Mr. K presented to the ER with pleuritic chest pains. During the workup which included a CT chest to rule out a pulmonary embolism; that caught a glimpse of his adrenals which contained a 6.6 cm heterogenous mass. Aside from the chest pains, he was pretty asymptomatic, with reportedly a history of benign essentially hypertension well controlled with an ACE-inhibitor.
When I saw him in the hospital, I reviewed the function of the gland, but also assured him that most masses are nonfunctioning though the sheer size of the tumor probably will necessitate adrenalectomy eventually. He looked great, and was normotensive. We also started biochemical testing then, though I'm often hesitant to initiate testing in inpatients as the probability of a false positive increases.
I was called that night by the nurses because they had trouble with his blood pressure. 'Trouble' was probably the understatement of the year. So fluctuant was his BP, that they transferred him to telemetry. One minute his BP was 90/50, while the next it was clear up into 240/120s. Even on the arterial line. My pretest probability for a pheochromocytoma went from 'low' to 'almost definite'.
In the outpatient setting, treatment of pheochromocytoma begins with adequate hydration as although patients may be hypertensive (caveat: most patients are NOT hypertensive) they tend to be intravascularly dry.

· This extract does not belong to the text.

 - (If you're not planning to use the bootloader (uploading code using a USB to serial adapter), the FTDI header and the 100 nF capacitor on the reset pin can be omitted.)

I also tell them to tank up on salt (one of the 2, well maybe 3 conditions in which an endo might tell you to take MORE salt. Can you guess the other 2?). Alpha blockade is started first (classic medschool exam question) and while there are numerous you can pick from, I start with the shorter acting Phenoxybenzamine. The shorter duration of action allows for better titration of doses. My personal goal is to see a systolic drop of 15 to 20 mm Hg on standing with no reflex tachycardia though you may also pick an absolute BP goal. Once the patient is adequately blocked, a beta blocker is then started. For select patients, we add a 3rd line agent a few days before surgery: Metyrosine, to deplete adrenal catecholamine levels, that is if you can get your hands on it.

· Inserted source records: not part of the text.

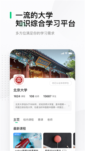中国大学生都在用的免费在线课程App。在这里,你可以看到来自985顶尖院校的精品课程,从基础到进阶,为你呈现优质的内容;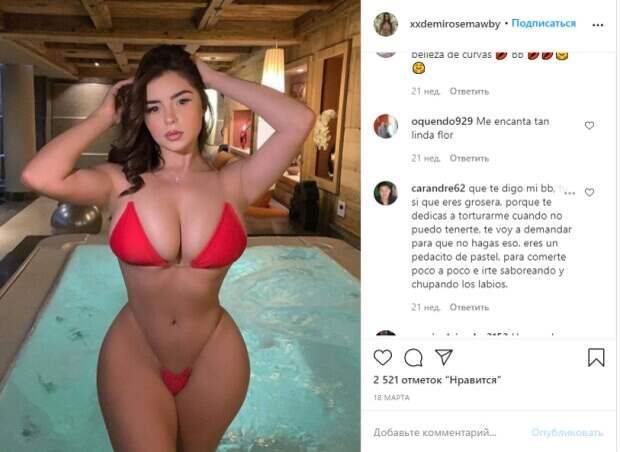 В этот раз модель показала, как проводит время у бассейна в едва заметном бикини не по размеру - подобрав специально бикини размера поменьше, девушка едва скрыла интимные части тела. Дерзкости образу Деми также придает то, что лямки бикини в этот раз совсем прозрачные - тонкие силиконовые ниточки едва держатся на ней. «Почему так мало ткани😂», «Прекрасная ДемиРоуз ... какие фото уфффф такие как солнышко ... жарко», «Превосходно! В мире нет никого лучше Деми 🌹 Роуз, она королева ангелов, моя лучшая любимая прекрасная принцесса Деми 🌹 Роза, я люблю тебя, Деми», «Просто сексуально, конец дискуссии!», «Фантастическое тело, детка, супер за*ница 🔥🔥🔥🔥🔥🔥🔥🔥🔥🔥🔥», «ого боже мой! Очень хороший мед», «Это уже полная нагота, она не оставляет ничего для воображения, жалость к слепым, но вместо этого для нас мужчины с мужским глаголом - это подарок», «Вы - кусок пирога», - пишут пользователи. Также загорелая модель решила поделиться жарким селфи на своей странице в социальной сети Инстаграм. В этот раз девушка показала, как примерила темно-коричневый купальник с тонкими завязками и аккуратными вставками из переплетенных на груди нитей. Длинные локоны Деми предпочла спрятать благодаря специальной укладке и аккуратному украшению с камнями и бусами на ее лбу, а лицо без макияжа не стала подчеркивать дополнительными уходовыми средствами. Как и всегда, главной изюминкой образа Деми стали ее пышные формы. «Зеркало, зеркало на стене...», - загадочно подписала новый кадр Деми. Вот как реагируют поклонники: «Так хорошо 🔥🔥🔥», «😍😍😍❤️Красивая ❤️❤️❤️ Ты такая красивая 💞💞💞💞», «Que hermoso frente», «Кто любит тебя, кроме парня из камары?», «Te vez muy espectacular. Quiero comerte a besos mi vida», «Я не скажу здесь, насколько сильно этот возбуждающий образ вас влияет на мой дух, только если вы спросите», «❤️🔥😍 очень хорошо выглядит». Напомним, Деми Роуз едва удержала пышных «близняшек» в крохотном наряде. Как сообщала Politeka, бесстыжая Деми Роуз сбросила лифчик и показала, как веселится у озера. Также Politeka писала, что влажная Деми Роуз вышла из душа и без стыда блеснула формами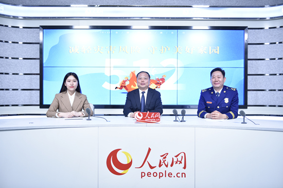 “減輕災(zāi)害風(fēng)險(xiǎn) 守護(hù)美好家園”系列訪談現(xiàn)場(chǎng)。人民網(wǎng) 朱鵬濤攝

For Mr. K, by the time I got to the hospital, his primary team had decided to intubate him for respiratory distress; his blood pressure remained mostly high though these were peppered with marked drops. In these situations, regular alpha blockade would not be fast-acting enough. Throughout the night, we resorted to Nitroglycerin and then Nipride, Nicardipine and finally Phentolamine. For the next 24 hours he remained fluctuant, at times with his BP so high that many of us feared he would stroke out, while at other times his BP was so low that they had trouble feeling a pulse. It was touch and go for the 5 days he was in the ICU though things eventually stabilized enough that he was extubated and we transitioned him to the usual Phenoxybenzamine and then a beta blocker.

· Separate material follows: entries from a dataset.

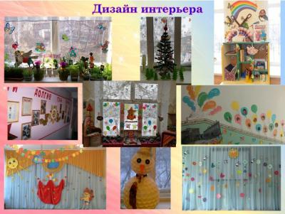«Дизайн интерьера» – сначала знакомила детей с благоустройством кукольно-игрового пространства (создавали макеты комнат, домиков, используя подручные материалы, конструировали и расписывали несложные элементы обстановки: обои, занавеси, мебель, скатерти и т.д.). Затем приобщала детей к созданию предметно-окружающей среды. Вместе с детьми оформляли помещения детского сада, группы, зала, вестибюля.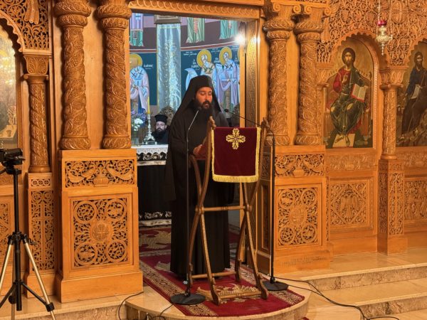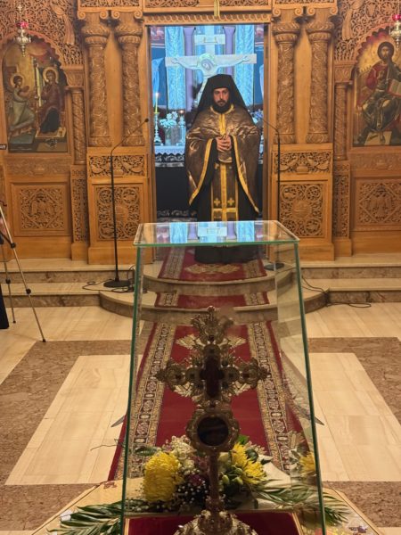 Τον Τίμιο Σταυρό κόμισε, εκ προσώπου του Καθηγουμένου, Παν. Αρχιμανδρίτου π. Μακαρίου (Σπυριδάκη), ο αδελφός της Μονής, π. Αιμιλιανός , λόγω εκτάκτου κωλύματος του Καθηγουμένου π. Μακαρίου, ο οποίος είχε κληθεί και ως ομιλητής, την ομιλία του οποίου μετέφερε ο αδελφός της Μονής, με θέμα: «Η αντιμετώπιση της άρσης του Σταυρού στην καθημερινή ζωή του Χριστιανού».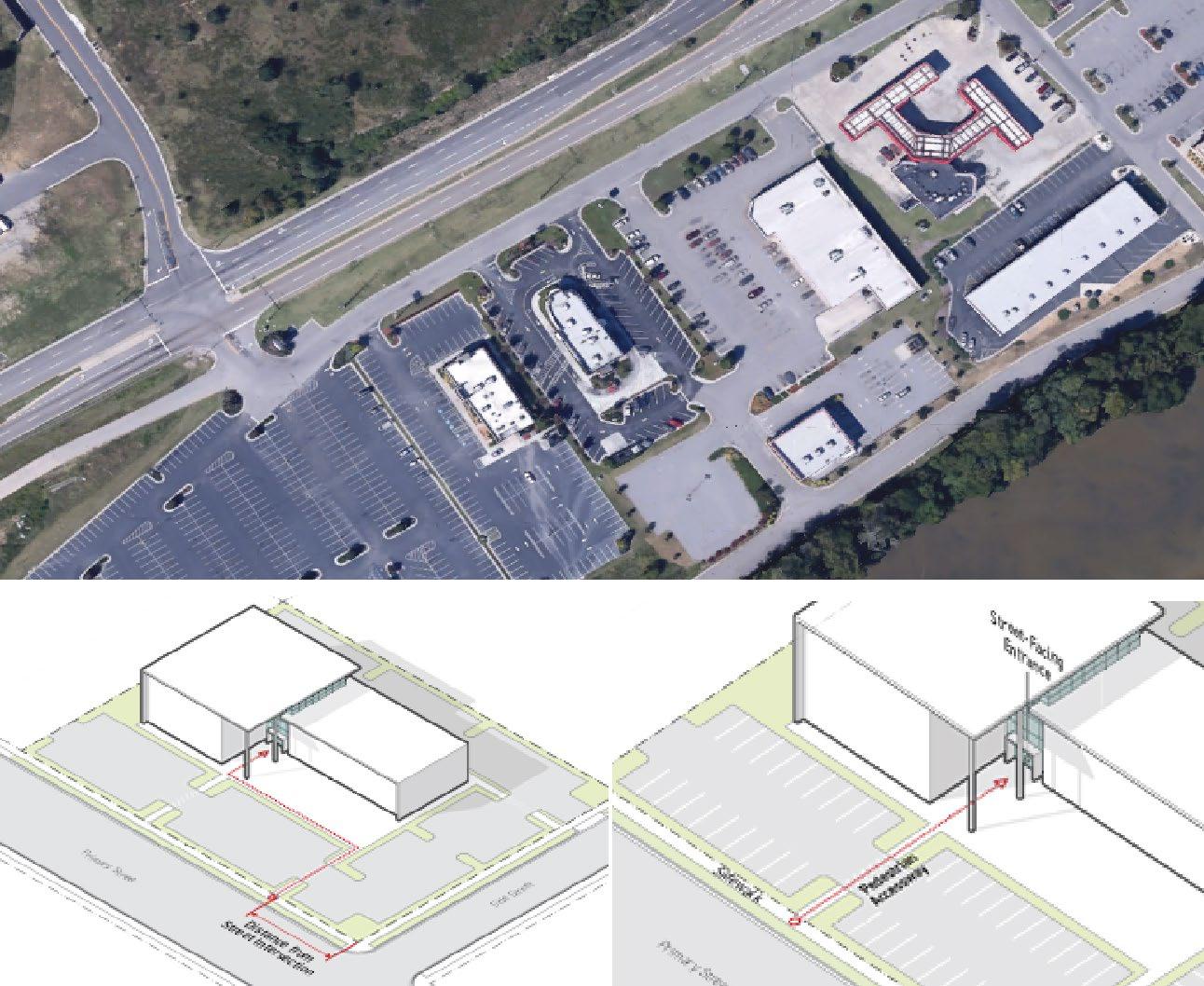 Transportation is a key challenge in Danville, and focusing investments along primary roadways will improve connectivity by placing more residents within walking distance of cross-city connectors. This will also support public transportation, which requires a critical mass of people for regular routes and frequent stops. The Zoning and Subdivision Ordinances should promote higher density and mixed-use development along transportation corridors to enhance accessibility. The Zoning and Subdivision Ordinances should also aim to promote safe and desirable corridors for all modes of transportation by improving safety, minimizing the visual impact of parking lots, and prioritizing pedestrian-friendly spaces that can encourage walking, biking, and public transportation. These spaces can also act as gateways to help reinforce the unique identities of Danville’s neighborhoods while enhancing the city’s overall character.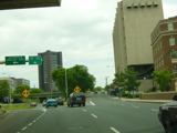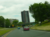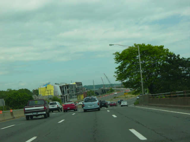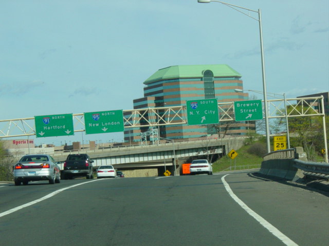 These pictures show the Oak Street Connector as it appeared before it was constructed. It has since been shortened to begin at South Orange Street, and the interchange with the Connecticut Turnpike (I-95) and I-91 has been rebuilt, providing two lanes to each highway in the northbound direction.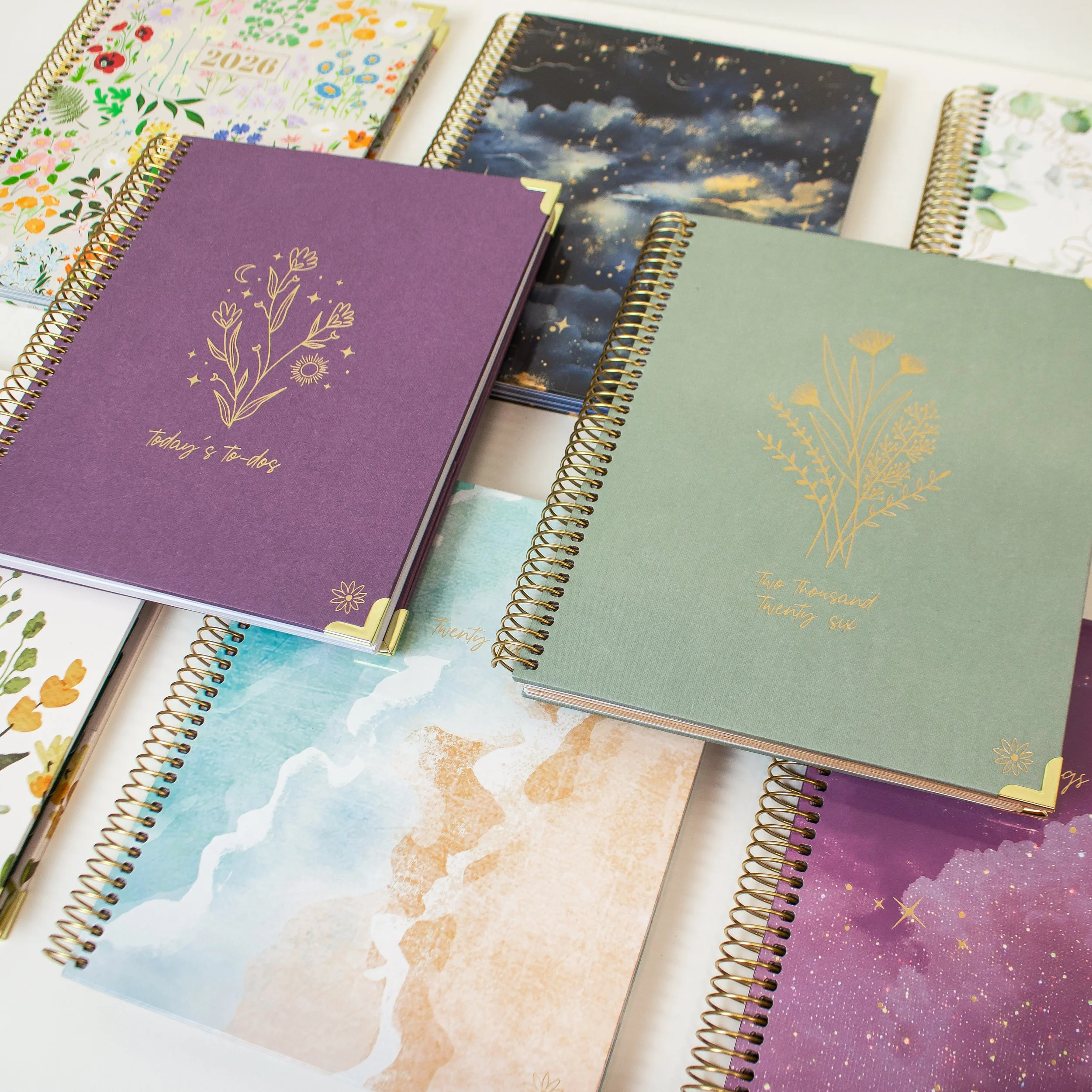 The 2026 Vision Planners are available in seven cover designs including Beige Bouquet, Eucalyptus, Garden Party Beige, Good Things Are Coming, Green Linen, Midnight Sky and Ocean Oasis. The planners feature a paper upgrade to 110 GSM and contain monthly and vertical column weekly spreads (lined) plus extra life coaching pages intentionally created to help you stay organized and motivated throughout the year.

And so, when I saw him in clinic 2 days ago for follow up, I could not help myself but to give him a big handshake and a hug- he was out of it for most of the time in the ICU, but his family was there and they knew how worried we were. It was with a great sense of relief to see Mr. K walking and talking normally, cognitively intact.
He's not out of the woods yet obviously. But I'm pleased by his progress and the level of his alpha and beta blockade. He's probably pretty well-prepped for surgery which will happen in a week. And God willing, things should turn out well.
Post-op, it's necessary to reassess things biochemically as there is a chance of metastatic pheochromocytoma- patients should undergo repeat 24-hour urine catecholamine and metanephrine testing. If biochemistry remain abnormal, then imaging for metastatic disease is necessary, whether you use MIBG or Octreotide or some other scan.